BRIEF: Set down exactly the lines from the first line of the records through the line that contains "San Luis Potosí, San", and leave every picture out.
** Opening DATA SHOWN block **
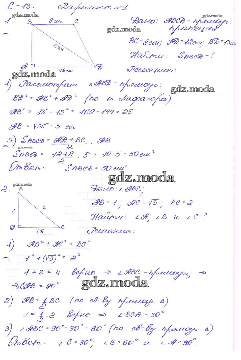 ГДЗ решение к заданию № вариант-1 Геометрия 8 класс Дидактические материалы Зив Б.Г. Просвещение 2016 ФГОС бесплатно на гдз.мода!
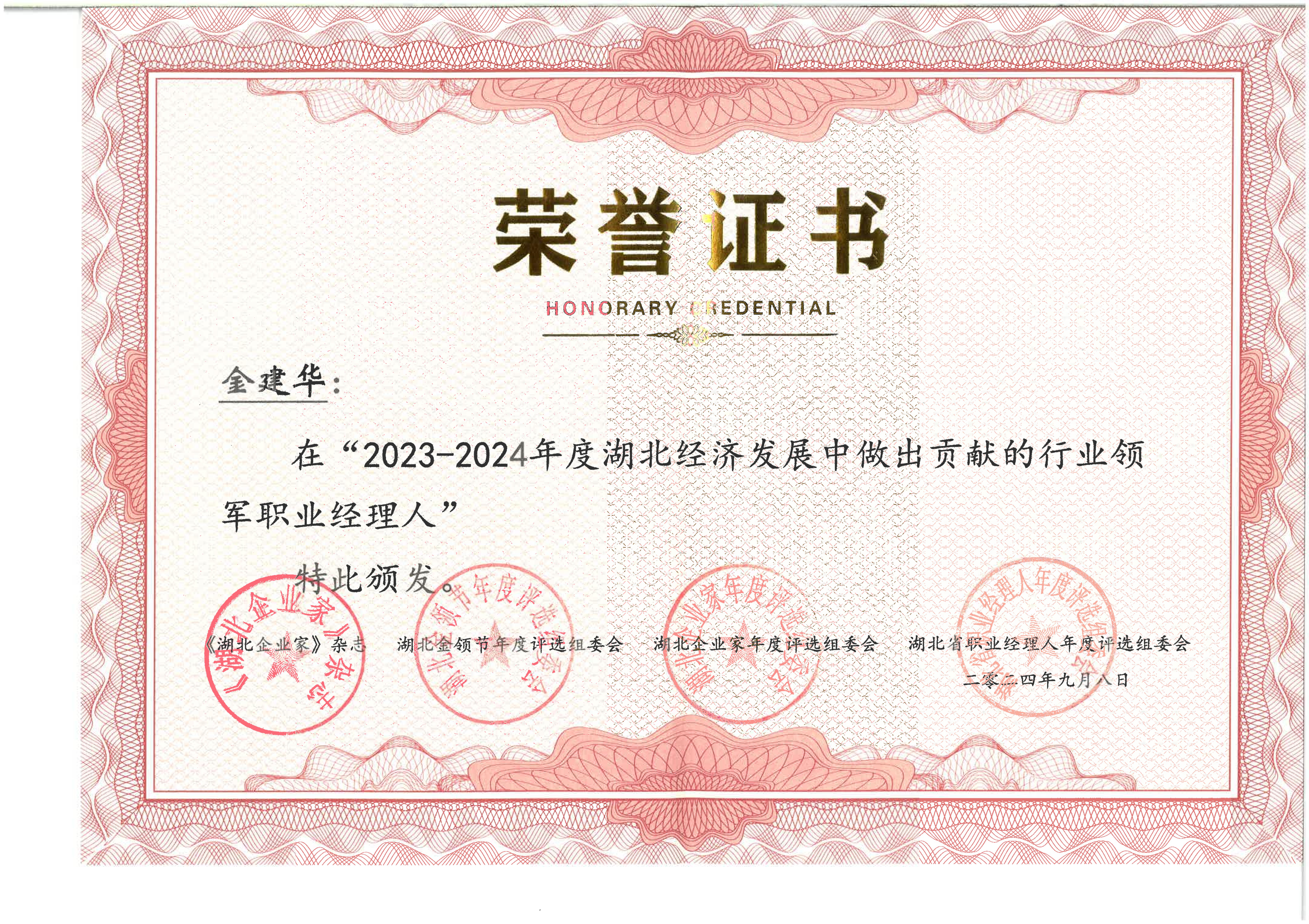 金建华荣获2023-2024年度湖北经济发展中做出贡献的行业领军职业经理人
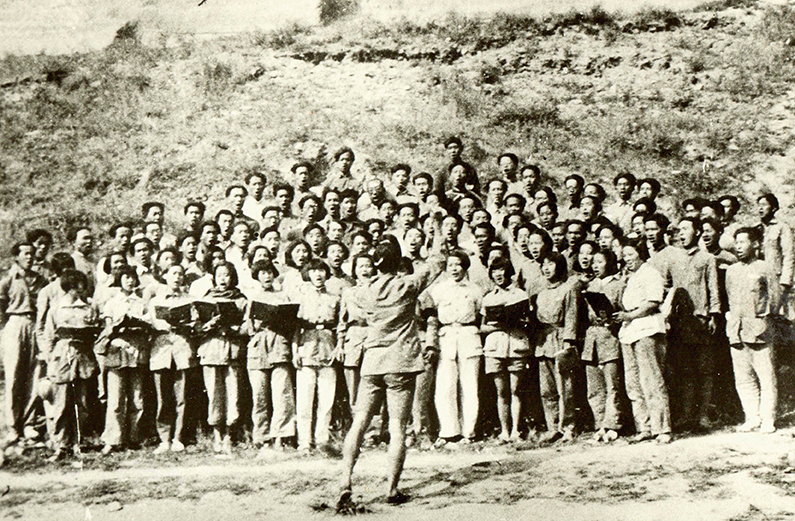 这是 1939 年冼星海指挥鲁艺学员排练《黄河大合唱》的资料照片
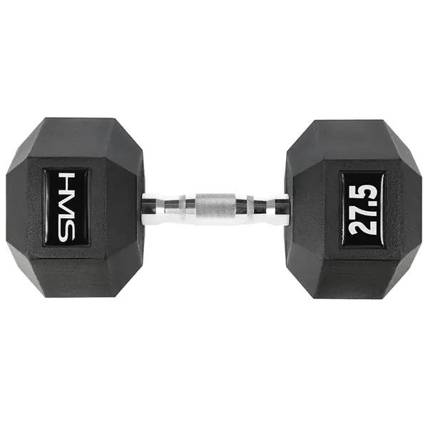 HEX PRO HMS - rubberized hexagonal dumbbells. Training using dumbbells from the HEX PRO HMS family allows you to duplicate almost all types of exercises that are performed with a barbell. At the same time, they give the opportunity to work asymmetrically - using only one arm. Rubberized dumbbells are resistant to impact, have an ergonomic shape. In turn, a firm grip is guaranteed by a knurled handle. HEX PRO dumbbells are available in many weight versions, making them an ideal solution for both people who are just starting their adventure with strength training, as well as for those more advanced. Specification: Material: rubber plated steel Handle: knurled Gripping part length: 110 mm Overall length: 380 mm Load diameter: 165 mm Notes: 24 months warranty
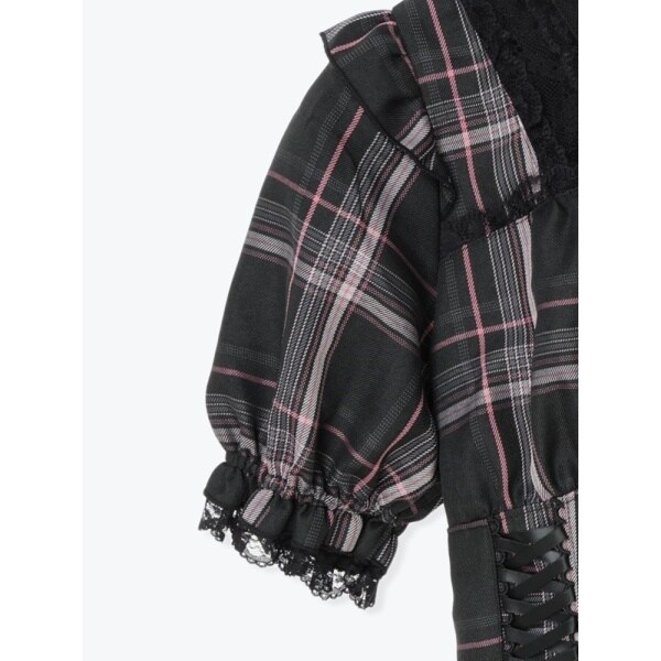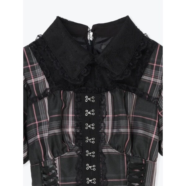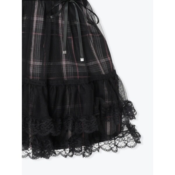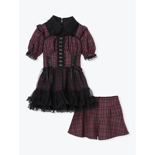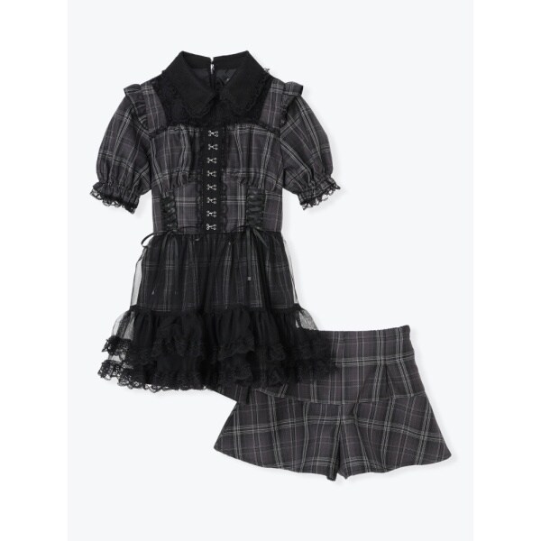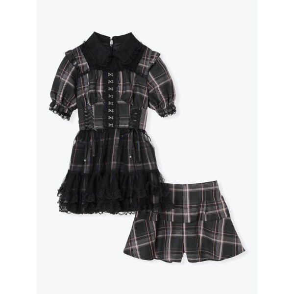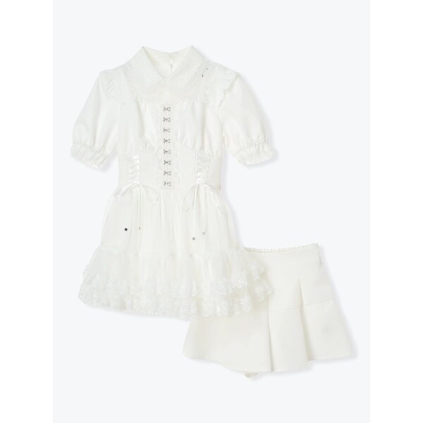コルセットのようなレースアップとふんわり重ねたチュールが可愛いセットアップです。
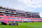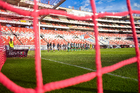San Luis Potosí, San Luis Potosí, 1 de noviembre de 2025. Red de portería de la Campaña Rosa para la concientización del Cáncer de Mama, durante el partido correspondiente a la jornada 17 del torneo Apertura 2025 de la Liga BBVA MX Femenil, entre el Atlético San Luis y las Guerreras de Santos Laguna, realizado en el estadio Alfonso Lastras. Foto: Imago7/ Hugo Martinez
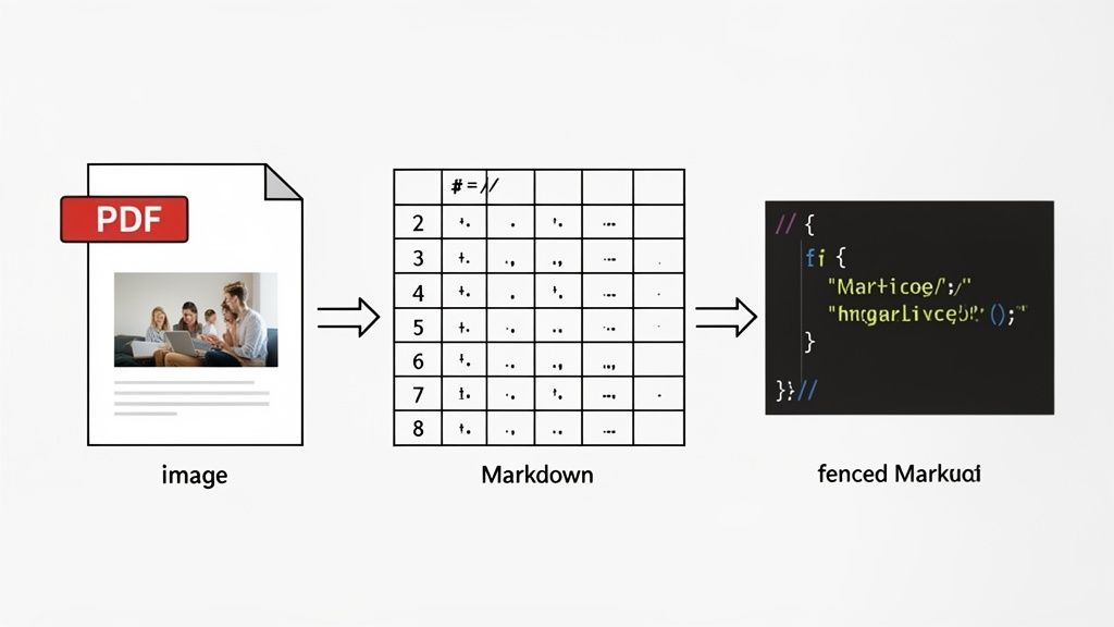 For Images: Your best bet is a two-step process. First, use a PDF tool to extract all images into a separate folder. Then, as you clean up the Markdown file, link to them with the standard `` syntax. This is similar to how you might capture and organize visuals from a video, a process we cover in our guide on how to screen capture from YouTube.
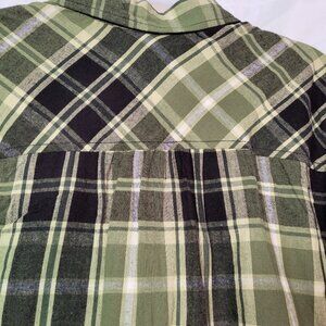 Time & Tru Women's Plaid Button-Up Long Sleeve Shirt Green & Black Small (4-6)
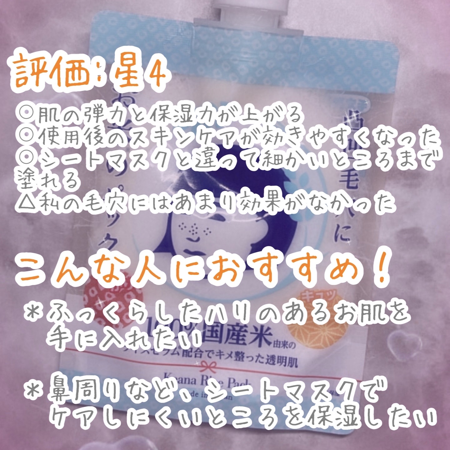 毛穴撫子お米のパック ¥1250円このパック毛穴ケアに凄くいいです‼もっちりとしたテクスチャーで塗りやすい‼国産米由来の美容成分ライスセラム配合でキメを整えふっくら肌へ‼毛穴がキュッと引き締まり、内側から潤う感じがしました❤液だれしないから...
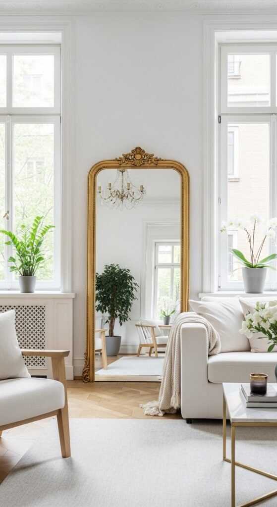 The key is positioning: the mirror should catch the window’s reflection when you’re standing in the room’s main viewing area. Don’t just hang it on any opposite wall—make sure it’s actually capturing and reflecting that precious natural light.
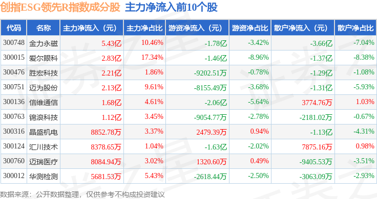 资金流向方面,创指ESG领先R(470031)指数成份股当日主力资金净流出合计38.36亿元,游资资金净流入合计16.63亿元,散户资金净流入合计21.73亿元。成份股资金流向详情见下表:
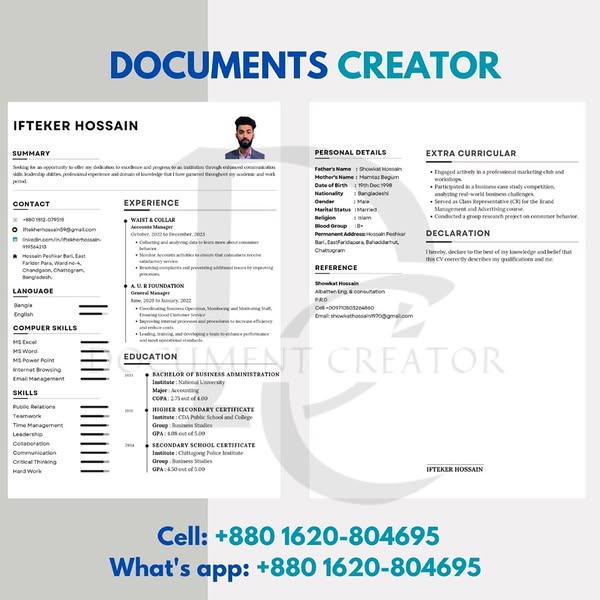 ➡ আজই বুকিং দিন একটি প্রফেশনাল সিভি কারন প্রফেশনাল সিভি বুকিং দিচ্ছেন মানেই কিন্তু আপনি হয়ে গেলেন একজন ফ্রন্টলাইনার। তাই আর দেরি না করে এখনি আমাদের মেসেজ করুন অথবা নিচে দেওয়া হোয়াটসঅ্যাপ নাম্বারে যোগাযোগ করুন।
** Closing DATA SHOWN block **
RESULT OF THE EXERCISE:
 ГДЗ решение к заданию № вариант-1 Геометрия 8 класс Дидактические материалы Зив Б.Г. Просвещение 2016 ФГОС бесплатно на гдз.мода!
 金建华荣获2023-2024年度湖北经济发展中做出贡献的行业领军职业经理人
 这是 1939 年冼星海指挥鲁艺学员排练《黄河大合唱》的资料照片
 HEX PRO HMS - rubberized hexagonal dumbbells. Training using dumbbells from the HEX PRO HMS family allows you to duplicate almost all types of exercises that are performed with a barbell. At the same time, they give the opportunity to work asymmetrically - using only one arm. Rubberized dumbbells are resistant to impact, have an ergonomic shape. In turn, a firm grip is guaranteed by a knurled handle. HEX PRO dumbbells are available in many weight versions, making them an ideal solution for both people who are just starting their adventure with strength training, as well as for those more advanced. Specification: Material: rubber plated steel Handle: knurled Gripping part length: 110 mm Overall length: 380 mm Load diameter: 165 mm Notes: 24 months warranty
コルセットのようなレースアップとふんわり重ねたチュールが可愛いセットアップです。
San Luis Potosí, San Luis Potosí, 1 de noviembre de 2025. Red de portería de la Campaña Rosa para la concientización del Cáncer de Mama, durante el partido correspondiente a la jornada 17 del torneo Apertura 2025 de la Liga BBVA MX Femenil, entre el Atlético San Luis y las Guerreras de Santos Laguna, realizado en el estadio Alfonso Lastras. Foto: Imago7/ Hugo Martinez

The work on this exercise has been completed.